- About this task:
Verbatim output, no pictures: the lines from the beginning of the material through the line with "MILWAUKEE Track Saw", both ends kept.

- Data provided:
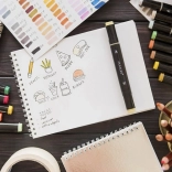 Chaque marqueur possède une pointe fine ronde pour les détails et une pointe biseautée pour le remplissage des aplats, les ombrages et la calligraphie. Avec un seul set, vous gérez l’esquisse et la mise en couleur finale.
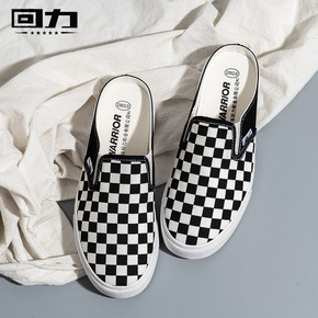 2022春季新款回力女鞋半托帆布鞋棋盘格鞋子情侣款...
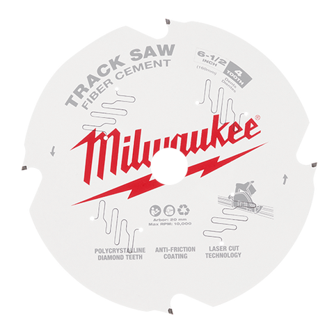 MILWAUKEE Track Saw Bladeswere specifically designed to exceed the expectations of contractors for cut quality and accuracy while also delivering a longer life even in the most demanding plunge cut applications.The blades are designed utilizing polycrystalline diamond to extend cutting life in fiber cement with up to 75x life compared to carbide teeth blades. The blades featurea Laser cut bodyand Laser Cut Vibration Slots to reduce wobble and warping. With an Anti-Friction Coating, the blades resist corrosion and gumming. A thin kerf design delivers faster cuts as well as more cuts per charge when using a cordless tool.
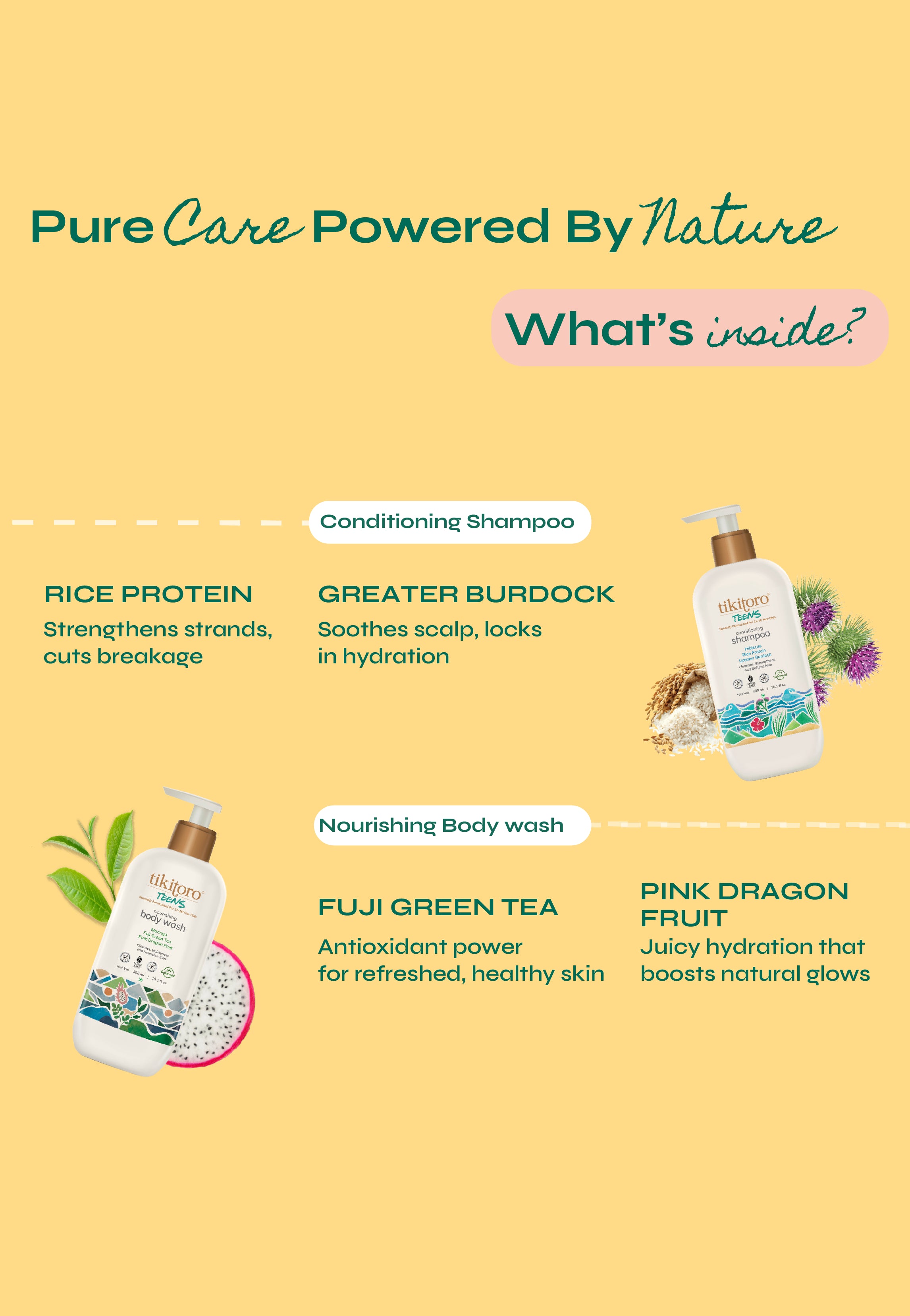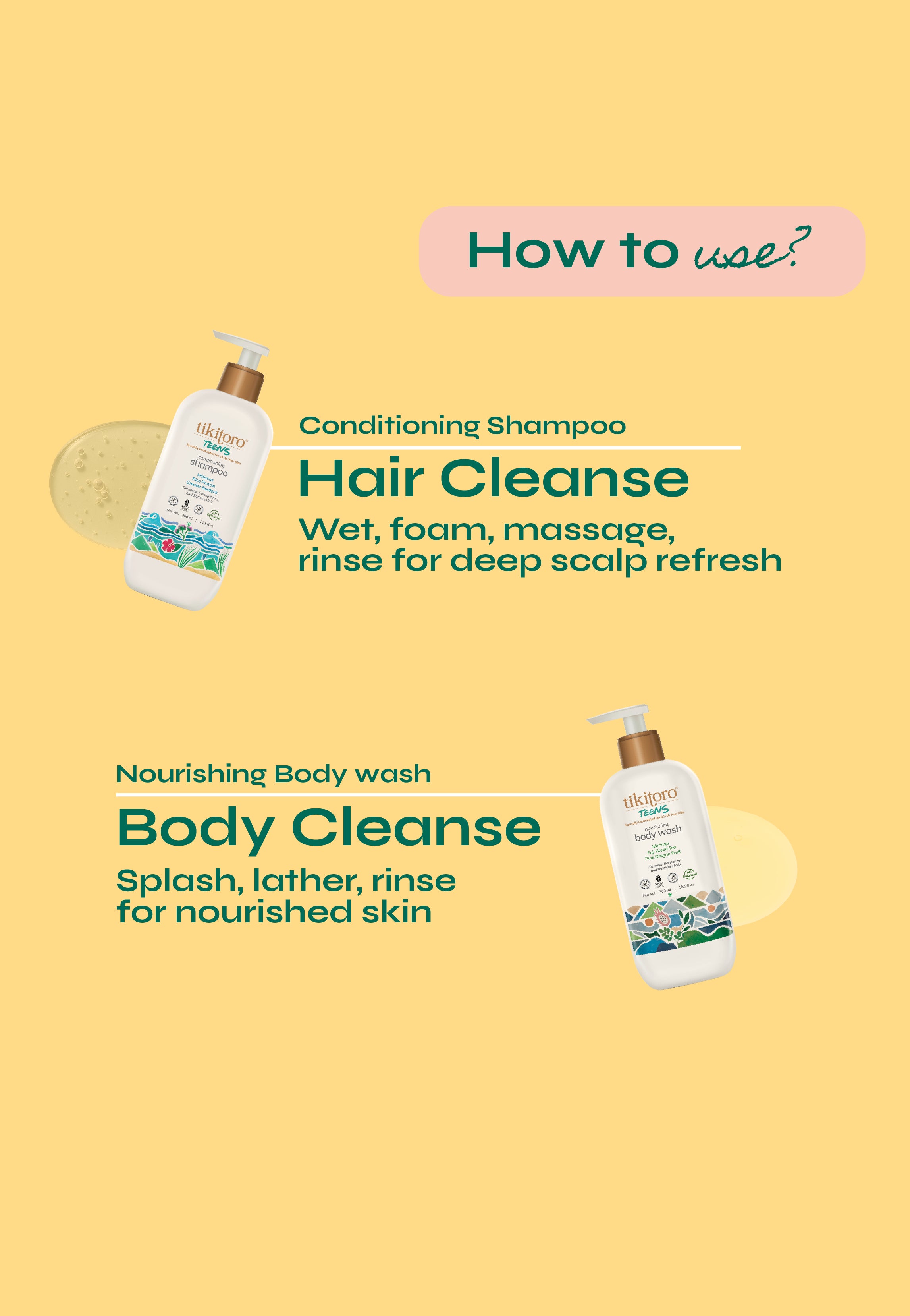 Say goodbye to tangles and tears, and hello to smooth, happy hair and squeaky-clean skin with our Power Duo Tikitoro Teens Daily Essentials Mini Combo – the teens Conditioning Shampoo and teens Nourishing Body Wash! Together, they tackle everyday hair and body woes while preserving precious natural oils, making bath time a joyful win for both you and your little one.

- Solution to this problem:
 Chaque marqueur possède une pointe fine ronde pour les détails et une pointe biseautée pour le remplissage des aplats, les ombrages et la calligraphie. Avec un seul set, vous gérez l’esquisse et la mise en couleur finale.
 2022春季新款回力女鞋半托帆布鞋棋盘格鞋子情侣款...
 MILWAUKEE Track Saw Bladeswere specifically designed to exceed the expectations of contractors for cut quality and accuracy while also delivering a longer life even in the most demanding plunge cut applications.The blades are designed utilizing polycrystalline diamond to extend cutting life in fiber cement with up to 75x life compared to carbide teeth blades. The blades featurea Laser cut bodyand Laser Cut Vibration Slots to reduce wobble and warping. With an Anti-Friction Coating, the blades resist corrosion and gumming. A thin kerf design delivers faster cuts as well as more cuts per charge when using a cordless tool.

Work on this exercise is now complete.